Salah satu hal yang akan aku periksa sebelum keluar rumah adalah melihat apakah ada orang gila yang bertengger di pos ronda dekat rumah. Masih jelas terngiang dalam ingatan saat itu pukul 06.00 pagi. Matahari sudah mulai sempurna akan sinarnya. Ibu tengah bersiap keluar rumah untuk membeli nasi uduk.
"Sal, umi keluar duluan ya beli nasi uduk" tukasnya.
"Nanti salma kalau mau ikut nyusul aja" tambahnya.
"Iya, mi" jawabku.Â
Saat aku keluar rumah dan berjalan sekira tiga puluh meter, kudapati seorang wanita paruh baya berbaju merah, berambut putih yang kukenali sebagai teman ngaji ibuku. Perempuan itu mengajakku berjalan bersamanya. Digenggamnya tangan mungil ini, dengan raut wajah polos ku ikuti langkah kakinya tanpa ragu karena ingin segera menemui ibu.

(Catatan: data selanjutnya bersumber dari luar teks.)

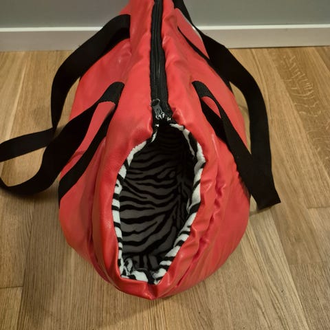 Praktisk åpning foran og ovenfra på bagen.Passer til liten hund.
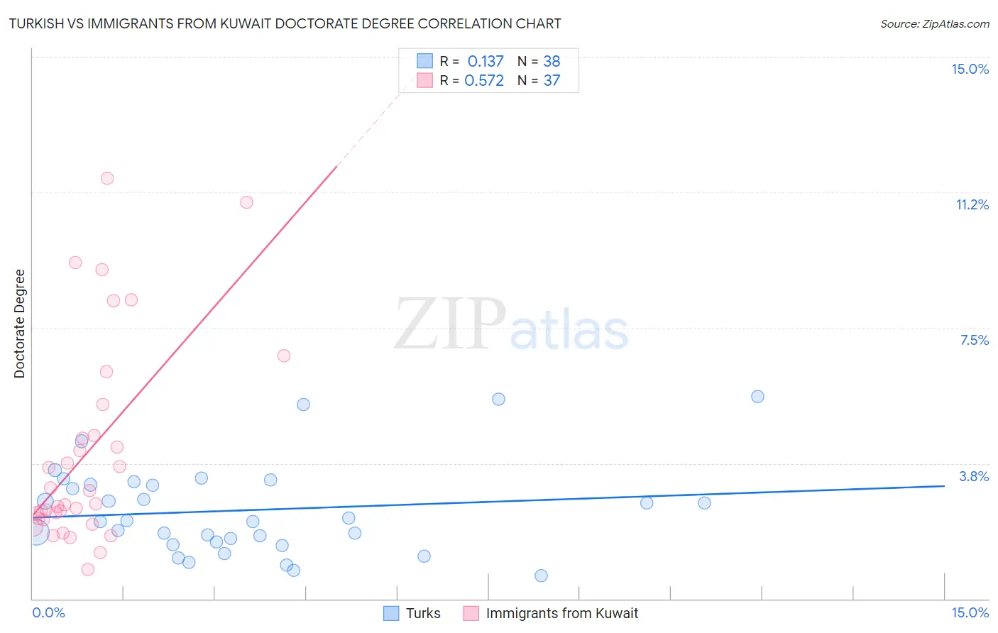 Turkish vs Immigrants from Kuwait Doctorate Degree Correlation Chart

Sepanjang perjalanan, rasa heran menghampiriku sebab banyak pasang mata mengarah pada aku dan orang yang kukira teman ibu.
"Kenapa orang pada ngeliatin aku ya, ada yang bisik-bisik lagi" batinku keheranan.
Sampailah kami pada sebuah warung nasi uduk. Kali pertama aku menginjakkan kaki di warung itu dan tak kudapati ibu disana. Aku masih belum mengerti tentang situasi yang tengah menghampiriku saat itu, hingga teriakan ibu yang memiliki warung tersebut datang.
"Eh Maria!! anak siapa ini yang lu bawa" bentak ibu pemilik warung.
"Anak gue, ini gue minta nasi buat anak gue ya" jawabnya santai.
Barulah aku tersadar ada yang tidak wajar dengan wanita yang ku kira sebagai teman ibuku ini. Beberapa menit setelah itu ku dengar teriakan anak laki-laki dari balik pintu warung nasi.